“EXPOSURE. Art, culture, fashion in and out of the showcase” at MUDEC, Milan — Mousse Magazine and Publishing

“EXPOSURE. Art, culture, fashion in and out of the showcase” at MUDEC, Milan — Mousse Magazine and Publishing

The project “Exposure” is centered on a reflection on the public display of artworks of art and, in particular, on the vitrine, which is virtually synonymous with the European museum. This problematic becomes particularly acute and different when it comes to ethnographic collections, such as MUDEC has. The project breaks the traditional spatial and temporal structures of the exhibition and develops in several episodes: in October 2023, in the central space of the museum designed by David Chipperfield Architects, the Mexican artist Marianna Castillo Deball (b. 1975) created a new large-scale installation of 7 elements based on the study and interpretation of textile artifacts from the MUDEC collection. Due to their fragility and specific condition, as well as their initial fragmentation, they rarely leave the storage, and Deball’s gesture of rescaling, creating extreme visibility, and “capturing” the glass atrium becomes an important point of reference for the entire project.

Aiming to change the usual spectatorial routes within the museum itself, the second episode of Exposure evolves in the permanent collection of the Ethnographic Museum through a series of interventions by video artist and filmmaker Theo Eshetu (b.1958). Especially for the exhibition Eshetu created the multichannel video installation Crocodile on the ceiling he reinterprets in a personal way the phenomenon of the Wunderkammern.

For Eshetu, the most emblematic element of the Wunderkammern is the taxidermied crocodile: it can be found hanging from the ceiling not only in collections such as that of Manfredo Settala, but also in Italian churches such as the Sanctuary of the Madonna delle Grazie in Curtatone (Mantua).

According to the artist, “the origins of the connotation of crocodiles as guardians of treasures are shrouded in mystery and may have roots in their presence in the workshops of wizards, alchemists and apothecaries. These crocodiles represent strength, fierceness and ancient knowledge and their presence within sacred spaces emphasizes the connection between the natural and the heavenly worlds. It plays a role in the shift from the alchemist studio to religious spaces as carriers of knowledge.” Eshetu also suggested turning some objects 180 degrees in the permanent collection. As if testing the viewer’s alertness, Eshetu invites us to wake up from our habitual gazing at objects in the vitrine.
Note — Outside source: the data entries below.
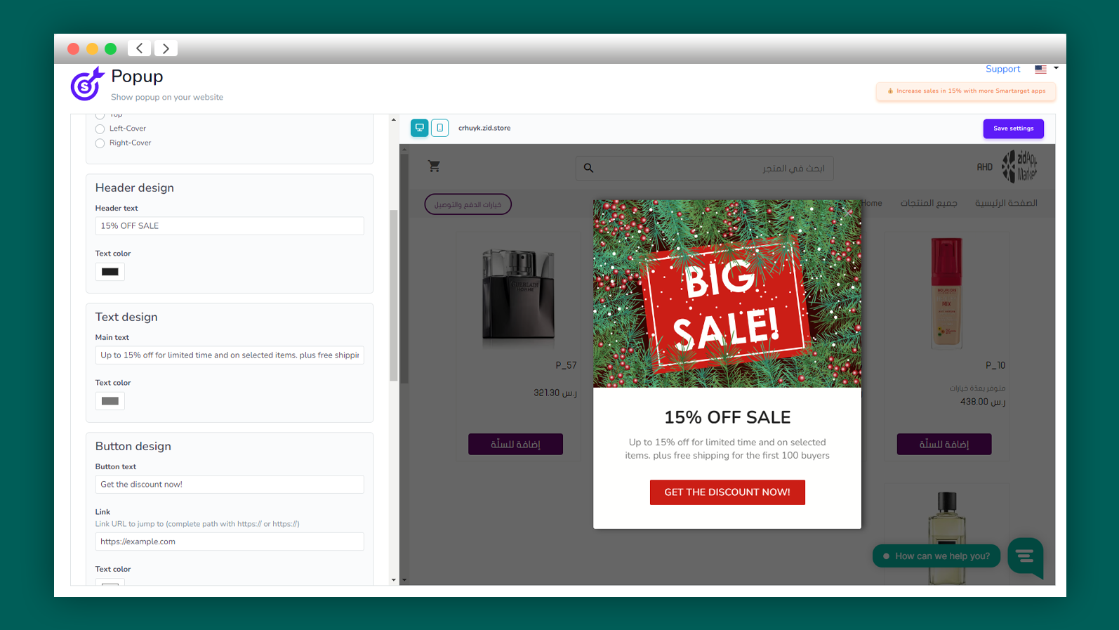 كذلك، إذا كان لديك عروض موسمية أو ترغب في تنشيط قاعدة بيانات العملاء، يمكنك استخدام النافذة المنبثقة لتحفيز العملاء على الاستجابة لرسائلك التسويقية بشكل أسرع قبل مغادرتهم صفحة المتجر.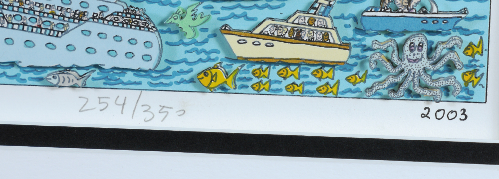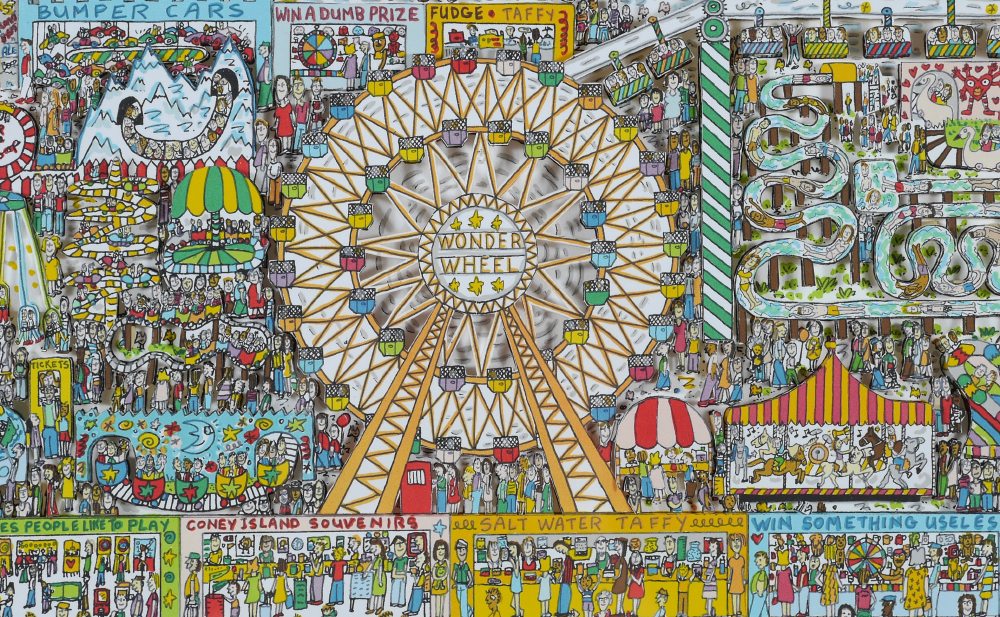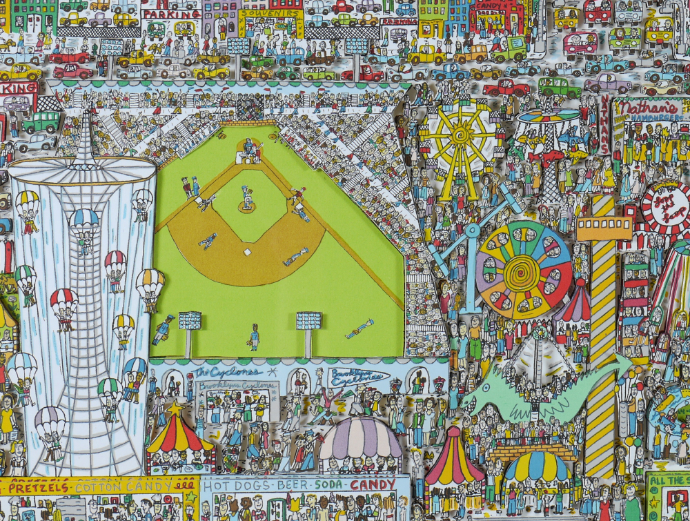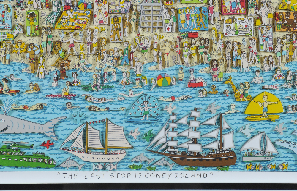 RIZZI, James, (American, 1950-2011): ''Last Stop is Coney Island'', 3-D Lithograph, sight size 27'' x 36.5'', pencil signed lower left, titled in lower margin, numbered 54//350 lower right, custom frame and matting, 38'' x 47.5''.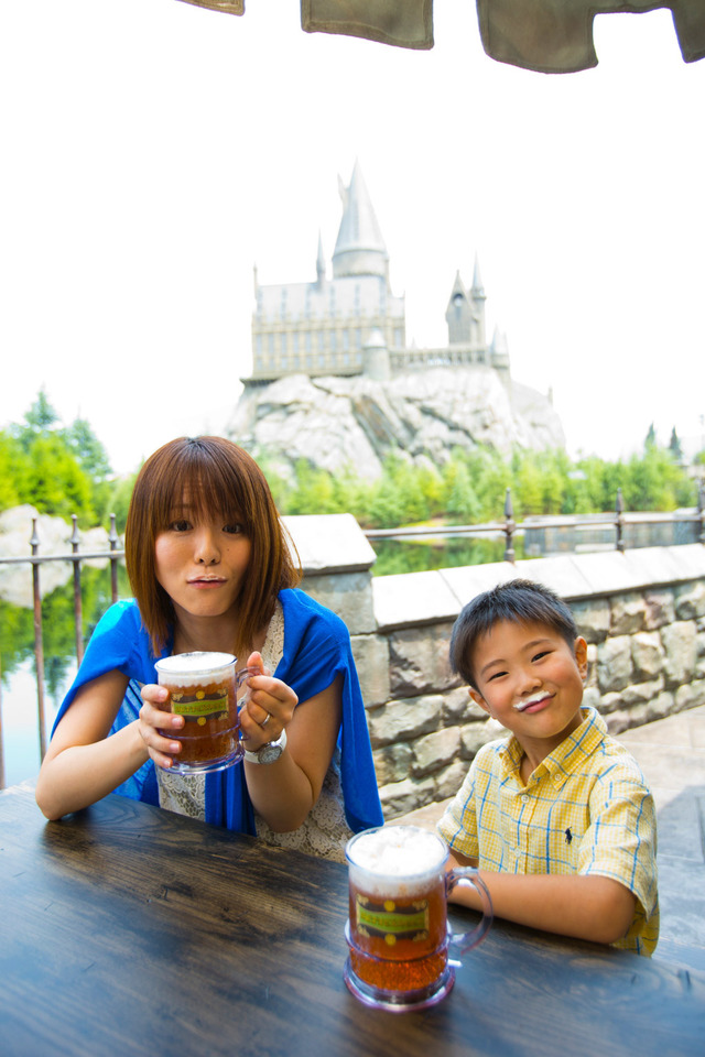 名物の「バタービール」は子どもでも安心して飲めるノンアルコールなので、泡で口ひげを作ってみたり、映画のワンシーンを再現して楽しんで下さい。

Core of the project and another episode develops in for the temporary exhibitions halls and is related to a series of questions to the history and essence of the vitrine in the museum and especially in the ethnographic museum. How the architecture of the vitrine itself determines the display of objects, how traditional European classifications and taxonomies are formed, and to what extent they are able to reflect the original contexts and origins of objects. The vitrines in the space, which were kindly provided by various public Italian institutions for the exhibition, become “containers” within which the logic of European taxonomies is taken to its absurd limit. The vitrine is also interpreted as a repository of valuable objects, but the exhibition proposes many different answers to the question—what do we consider valuable, what is responsible for our perception of “value?”

One of the symbolically important elements in this exhibition is Candida Höfer’s (b.1944) photograph Ethnologisches Museum III 2003—museum curators dressed in protective suits long before the pandemic are working inside a storage with ethnographic objects. The situation of fear, danger, and total distrust between subject and object is in many ways characteristic of many museum collections. Project “Exposure” in this sense becomes an attempt to restore this fragile trust and to start an open conversation about many aspects of contemporary museum life.
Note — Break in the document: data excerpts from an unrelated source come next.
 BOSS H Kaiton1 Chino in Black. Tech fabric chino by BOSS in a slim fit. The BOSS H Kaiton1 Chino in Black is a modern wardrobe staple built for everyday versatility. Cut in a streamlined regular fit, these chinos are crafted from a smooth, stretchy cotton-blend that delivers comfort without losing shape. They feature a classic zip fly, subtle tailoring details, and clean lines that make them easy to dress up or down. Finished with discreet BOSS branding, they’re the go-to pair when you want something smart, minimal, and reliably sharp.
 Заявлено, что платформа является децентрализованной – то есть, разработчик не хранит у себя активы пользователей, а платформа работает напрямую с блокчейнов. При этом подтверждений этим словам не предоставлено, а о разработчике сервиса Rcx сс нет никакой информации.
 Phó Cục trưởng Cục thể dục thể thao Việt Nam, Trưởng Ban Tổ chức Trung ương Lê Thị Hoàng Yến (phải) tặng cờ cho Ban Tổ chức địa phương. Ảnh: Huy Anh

A separate part of the exhibition is related to the use of the shop window in fashion retail, a context particularly important in Milan, and in this sense the project presents the works of various artists and designers who have been involved in window decoration at the Rinascente department store and it becomes de facto evident that the shop window has never been an additional tool to increase sales, but a means to create a situation of desire, in fact an imaginary space.

Logically swapping historical perspective for a contemporary one, the project continues to explore the life forms of the vitrine in the contemporary museum and in the practice of contemporary artists. Mark Dion’s (b.1961) cabinet with glass objects found in a Venetian lagoon or Damien Hirst’s (b. 1965) vitrine with cigarette butts inside (Dead Ends, 1994). To what extent does the vitrine as a spatial and ideological structure determine our perception, up to what point does it fulfill only a storing function, and when is it possible to overcome it?
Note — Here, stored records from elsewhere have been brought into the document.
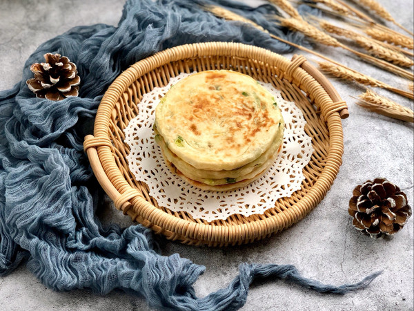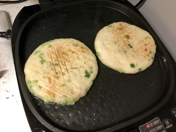 把面饼房进电饼铛,盖上盖子,用“大饼”模式开始烙制。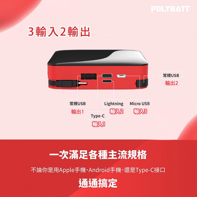 可拆式自帶線 10000大容量行動電源(Lightning+Type-c+USB A) 台灣製造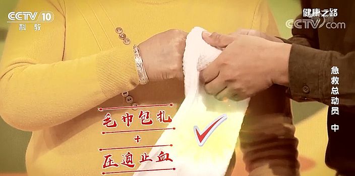 切傷后正確的處理方法是毛巾包扎,壓迫止血(視傷口大小和位置,注意力度),及時送醫。(資料來源:央視《健康之路》)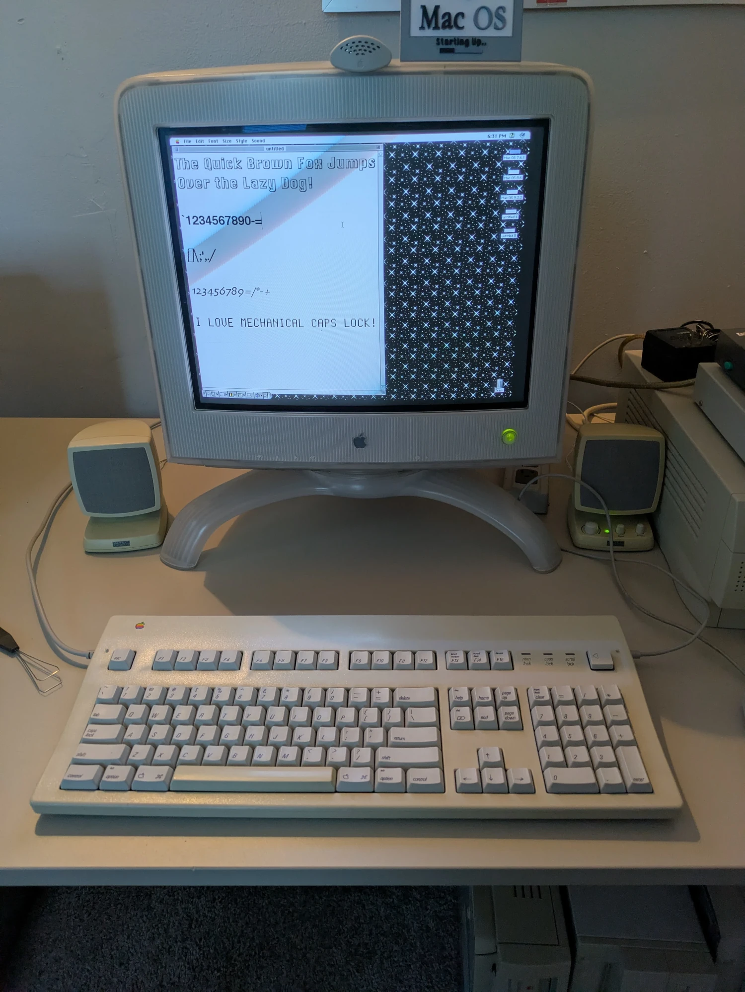 Back together and tested on my Power Mac 7600. Everything works, and it looks nice and clean. Definitely has a bit of sunburn, with tan lines where a function key template certainly lived. I'm not a personal fan of the Retro Bright look, so this to me looks fine enough.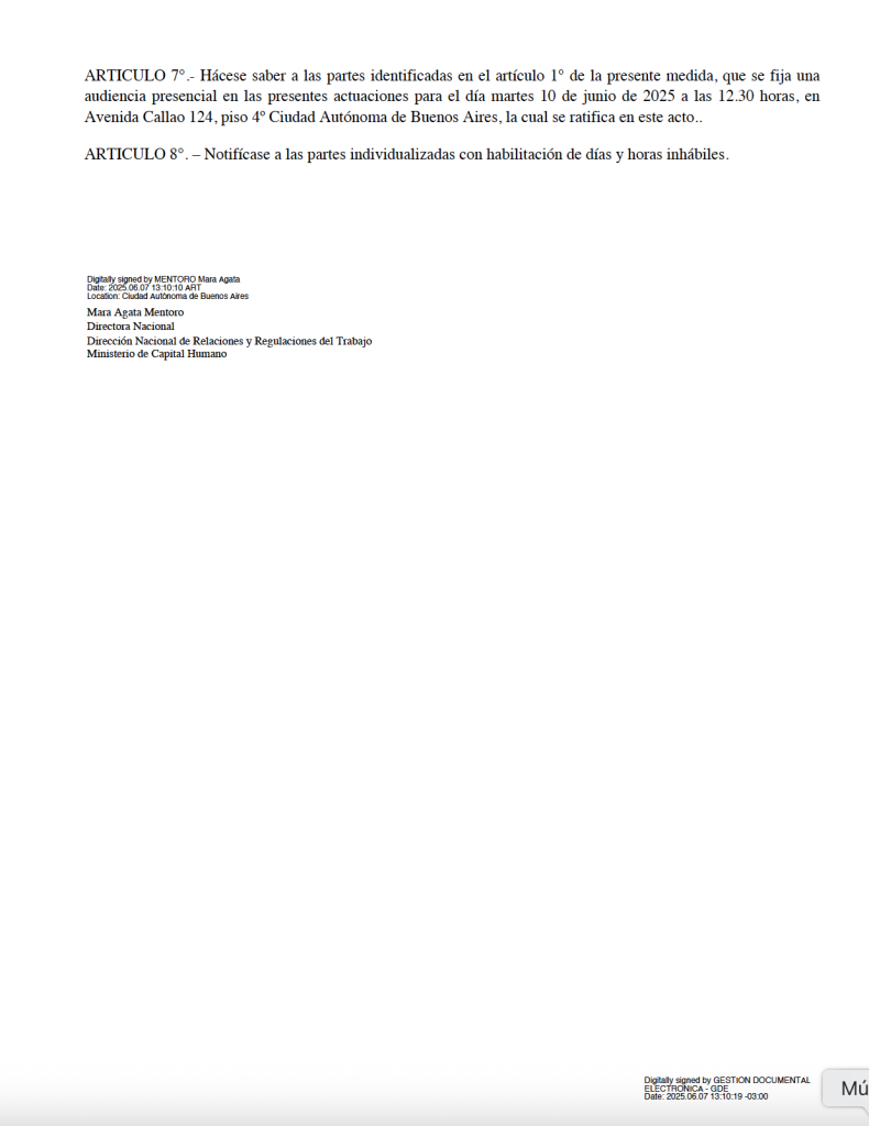 En ese marco, se convocó a una audiencia presencial para el próximo martes 10 de junio a las 12:30, en la sede del Ministerio, ubicada en Avenida Callao 124 de la Ciudad Autónoma de Buenos Aires.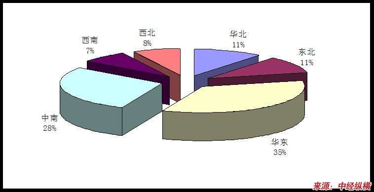 在有机无机复合肥施用方面,我国以华东地区所占比重最大,约占全国总量的35%,其次是中南地区,占28%。

In this regard, the final highlight is a new work by the Italian artist Monia Ben Hamouda (b.1991), which is in essence a manifesto and calls on the viewer to look beyond the museum and museum convention and symbolically returns us to the physical sensations of the objects in the collection: by using spices that have a smell and color, she seems to restore the fragile memory not of the museum modus of the objects’ existence, but of their original origin and use.

Participating artists:
Monia Ben Hamouda, Mark Dion, Sam Durant, Theo Eshetu, Damien Hirst, Candida Höfer, Giancarlo Iliprandi, Gene Moore, Roberto Sambonet, Albe Steiner.